WP (C) No. 9443/2007

17.12.2007

Pronounced on : December 17, 2007

Union of India and Ors. .....Petitioners

through : Mr. A.S. Dateer, Advocate

VERSUS

Suresh Kumar .....Respondent

through : NEMO

CORAM :-
THE HON'BLE MR.JUSTICE A.K.SIKRI
THE HON'BLE MR. JUSTICE VIPIN SANGHI

1. Whether Reporters of Local papers may be allowed to see


the Judgment?
2. To be referred to the Reporter or not?
3. Whether the judgment should be reported in the Digest?

A.K. SIKRI, J. (ORAL)


1.The respondent herein, who belongs to a Scheduled Caste
Community, was appointed as a Commercial Apprentice on
1.1.1978. With effect from 1.1.1984, he was promoted as
Chief Parcel Supervisor. Next promotion is to the post of
commercial Inspector. The respondent was allowed to work
as Commercial Inspector as he was posted on this post on
local arrangement in the year 1996. Further promotion is to
the post of ACM (Group-B) for which purpose a candidate is
to pass a written test. The respondent appeared in the said
test on 22.8.1998 for the assessment period 1998-2000
against 70% quota for filling up 27 vacancies. He also took
supplementary test on 19.9.1998 and qualified in these
tests. Thereafter, he was medically examined. However, in
the medical examination, he was declared unfit and
consequently he was not allowed to appear in the viva-voce
test. Aggrieved by this action, the respondent filed OA No.
2055/1998 before the Tribunal wherein he sought permission
to the effect that he should be allowed to appear in the viva-
voce test. This petition was, however, dismissed on
30.8.2000. In the meantime, similarly placed employees,
namely, Jitender Varshney and Ors., had filed OA No.
1138/1998, which was allowed by the Tribunal vide orders
dated 22.4.2002. The writ petition filed by the Government
against that order was dismissed by the High Court of
Judicature at Allahabad. Special leave petition met the same
fate and, thus, that judgment of the Tribunal in Varshney's
case became final.
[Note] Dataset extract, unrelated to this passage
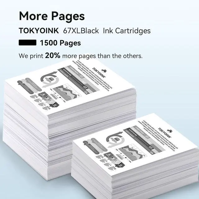 Outstanding Performance: Replacement for hp 67xl ink cartridges black/color combo pack delivers high-quality printing a- sharp text, vibrant colors and true-to-life pictures, comparable to original cartridges. Choose TOKYOINK for printer ink hp 67 ink cartridges with significant cost savings without compromising on print quality!
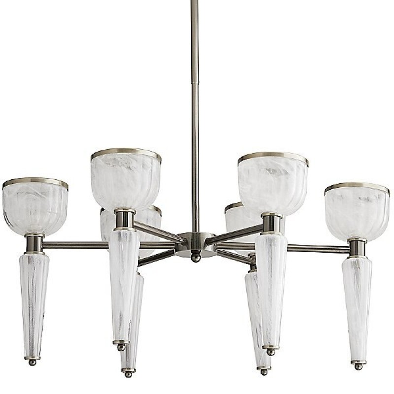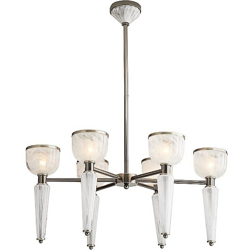 The Richardson Chandelier by Arteriors creates soft, diffused lighting for contemporary living environments while utilizes its ultra-modern design to harken back to a time when fire-lit torches were a common source of illumination. The fixture’s immediate focal point is in its 6 torch-like diffusers, which are created from a swirled glass and help the incandescent bulb within each of them (not included) to create a warm and immersive type of light. Not only does proper illumination add basic functionality, it can also contribute to an overall design style and act as a tool to highlight different features or create the perfect ambience.

In these circumstances, the respondent
filed another OA, namely OA No. 1553/2006, referring to the
judgments of Varshney's case and another judgment of the
Supreme Court which had been delivered in the meantime,
namely Union of India v. Sanjay Kumar Jain, (2004) 6 SCC
708. The Tribunal has allowed this OA of the petitioner
herein vide orders dated 7.2.2007 after relying upon the
aforesaid judgments. Challenging this order, the present
petition is filed.

2.Case of the petitioners is that the respondent was declared


medically unfit as he was found to be colourblind during the
medical examination. It is further submitted that having
regard to the nature of job which an ACM is supposed to
perform, a person who is colourblind would be handicap in
discharging the functions of this post and it was for this
reason the petitioners have taken a policy decision not to
promote employees to the post of ACM (Group-B) who are
colourblind as per the standard fixed in para 531(1) of
IRMM ? 1981. He further submits that in Union of India v.
Jitendra Varshney and Ors. {Civil Appeal No. 1953/2004} the
issue as to whether a person who is colourblind would fall
within the definition of blindness under Section 2(b) of the
Persons with Disability (Equal Opportunities, Protection of
Rights and Full Participation) Act, 1995 (for short, the
'Disability Act') was left open by the Supreme Court to be
decided in an appropriate case, as is clear from the following
observations :-

?The counsel for the respondents contended that the facts of


this case are squarely covered by the decision of this Court
rendered in Union of India vs. Sanjay Kumar Jain, 2004 (6)
SCC 708, particularly, the direction issued in Paragraph 9 of
the judgment. At the bar it has been conceded by Mr. T.S.
Doabia, learned senior counsel that the aforesaid judgment
of this Court has been implemented. Mr. Doabia, however,
tried to distinguish the judgment on the ground that in
Sanjay Kumar Jain (supra) the disability as defined under
Section 2(a) (i) and 2(b) of the Persons with Disabilities
(Equal Opportunities) Protection of Rights and Full
Participation Act, 1997 (hereinafter the Act), has not been
considered by this Court. According to him the case of the
respondents does not fall within the ambit of disability as
defined under Section 2(a)(i) and 2(b) of the said Act. We
found that this contention has not been raised before the
tribunal as well as before the High Court. This contention has
been urged for the first time in the Supreme Court. This
cannot be allowed in the facts of this Case. We, however,
keep it open to be decided in the appropriate cases
whenever raised such issue before the tribunal or before the
High Court. In our view the case at hand is squarely covered
by the decision of this Court in Sanjay Kumar Jain (supra).?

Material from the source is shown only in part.